Un sólido recurso de gobierno fueron las instrucciones pastorales y las cartas. Ignacio escribió 6,815 y era un cultor cuidadoso de su redacción tanto para trasmitir con objetividad lo tratado de manera que se pudiesen mostrar a terceras personas para su entusiasmo y edificación, y como medio de unidad de los miembros de la Compañía. Ignacio reprochó a compañeros como Bobadilla y Favro por mal redactar las cartas. A Favro le observa que él ya le había explicado personalmente y por escrito cómo escribir las cartas. En concreto, precisa que deben escribir dos cartas, una principal ´´escribiendo lo que cada uno hace en sermones, confesiones, ejercicios y en otras espirituales obras, según que Dios N.S. obrare por cada uno, como pueda ser a mayor edificación de los oidores y lectores…” Otras cosas, personales y menos trascendentes, que él llama “impertinentes.
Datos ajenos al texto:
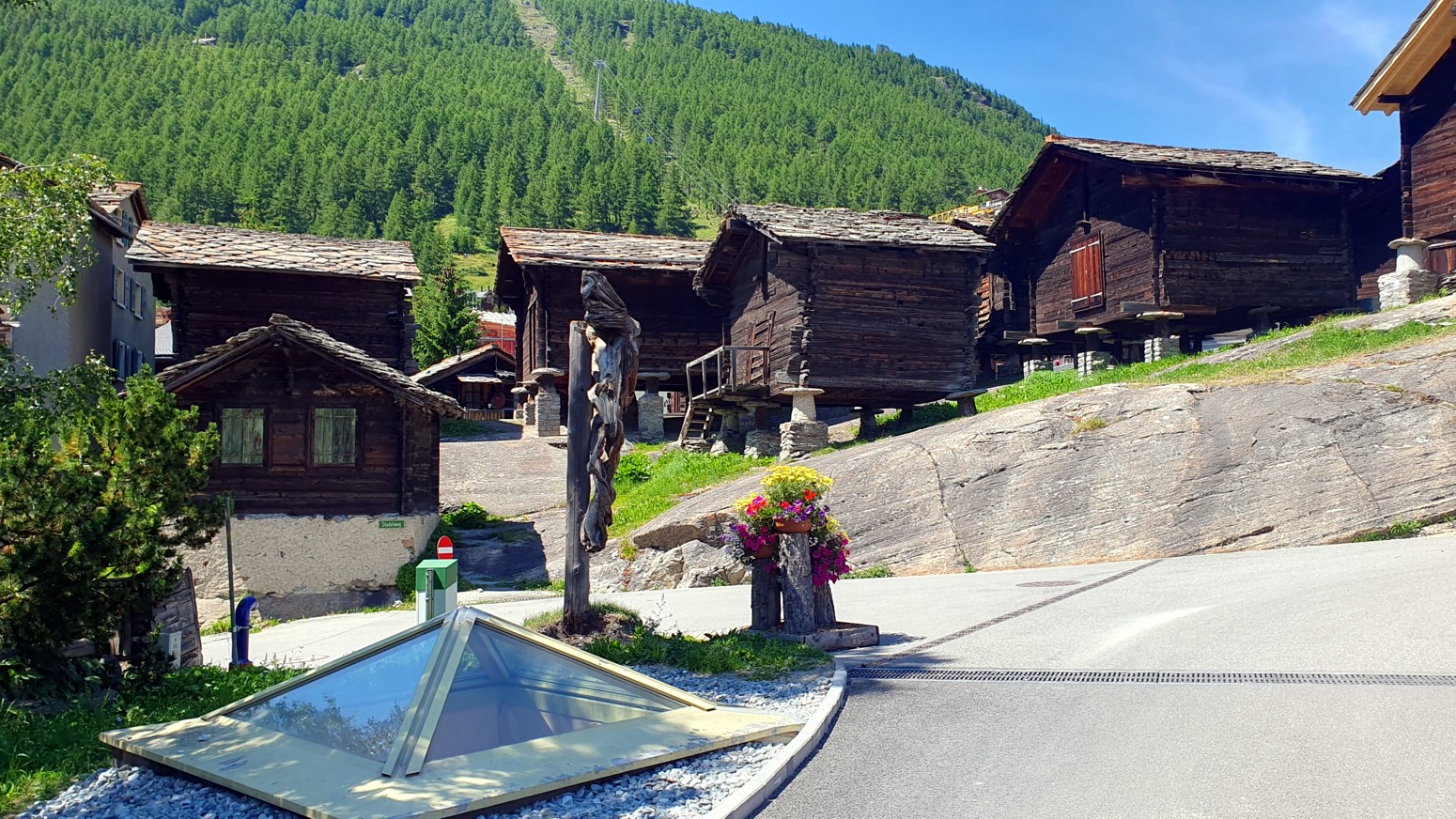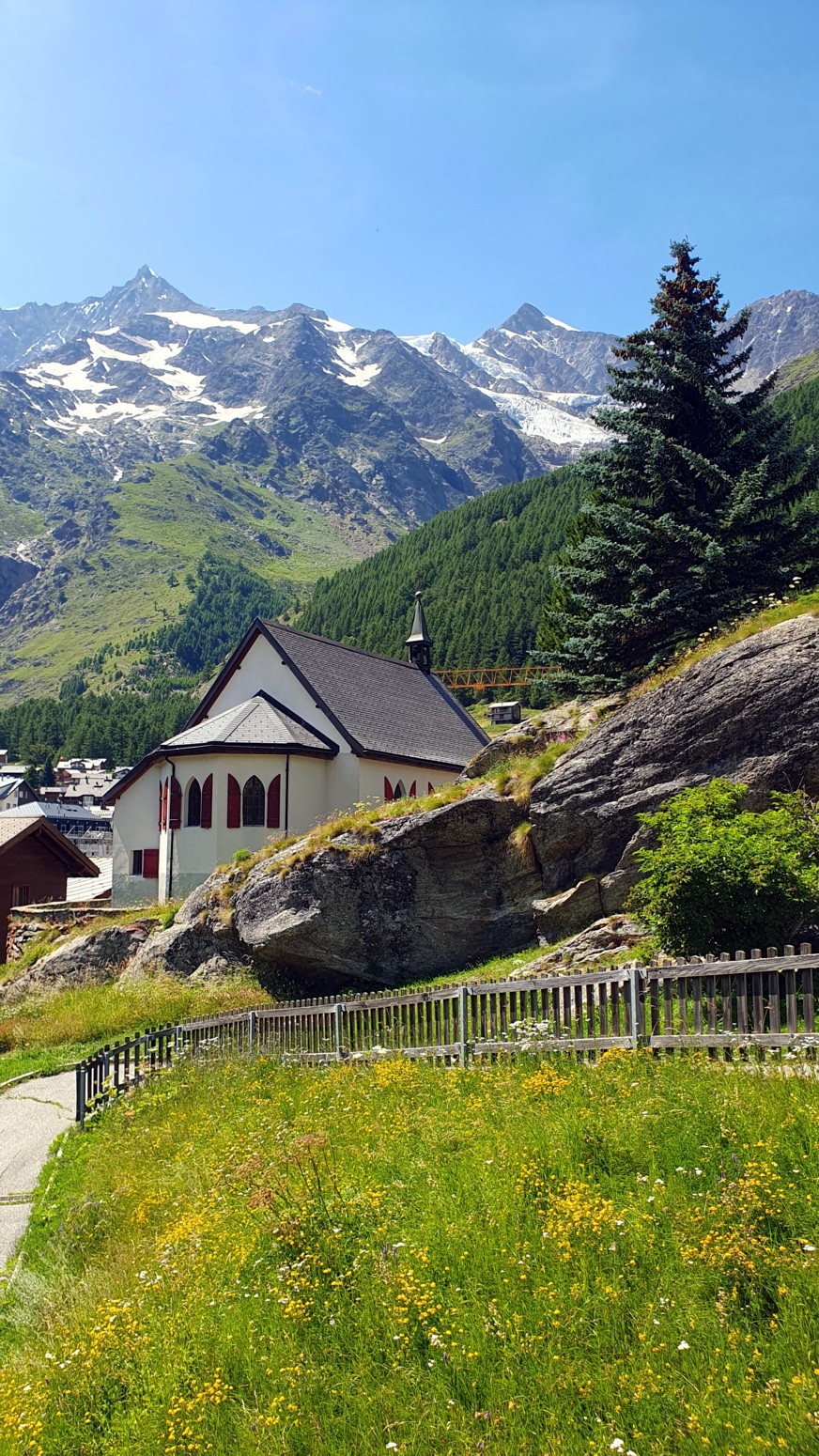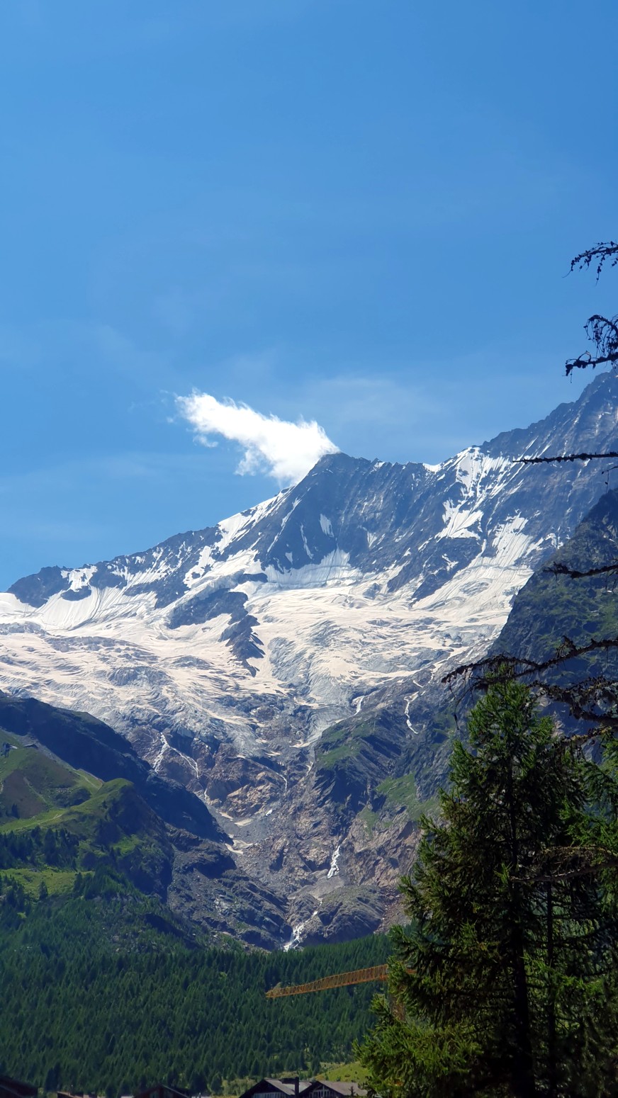 del pueblo ya se pueden ver esas grandes montañas que nos rodean como el Dom de 4545m o justo enfrente el famoso

Se han de escribir en las “hijuelas” o cartas pequeñas adjuntas.

Las instrucciones son un medio expresivo para conocer el estilo pastoral de Ignacio. La que redactó para los padres enviados a Alemania en 1549 refleja lo minucioso y equilibrado de su pensamiento. Trascribo algunos elementos que nos pueden ayudar a comprender. Los padres debían ante todo confiar en Dios, dar ejemplo con su vida, no tener interés económico, ser amables con todos sin caer en la familiaridad, ser amigos y benevolentes con los gobernantes, proponer doctrina sólida sin caer en escolasticismos, defender prudentemente la Sede Apostólica evitando ser calificados como papistas, hacerse amigo de los herejes, hacer obras de caridad en cárceles y hospitales, compartir sus puntos de vista para determinar lo que se haya de hacer, mantener la comunicación con Roma y tratar de fundar colegios de la Compañía.

De la praxis apostólica, bien pronto surgió el recurso pastoral del colegio dedicado a jóvenes laicos. El colegio, para jóvenes laicos, fue una novedad pastoral para la Compañía. En 1541, al tratar la formación de los jóvenes jesuitas, se pensó en la experiencia de los primeros compañeros en Paris que estudiaban en los colegios adscritos a la universidad. La propia praxis los condujo a fundar sus propios seminarios y admitir jóvenes laicos. Este fue el caso de Coimbra, Valencia y Gandía. Pero en 1548, Nadal fundó el colegio de Messina, Sicilia, para solo jóvenes laicos, inspirado en el “método parisino”. El colegio enseñaba lenguas y filosofía clásica, ahora de moda, pero expurgados de “las cosas deshonestas y nocivas”. Cada colegio requería de un fundador que asumiese sus costos y así se garantizase la gratuidad de la enseñanza.

A la muerte de Ignacio, 31 de julio de 1556, los jesuitas eran unos mil distribuidos de Japón e India a Alemania, de Etiopía y El Congo al Brasil. En la cristiandad europea y la India funcionaban 46 colegios.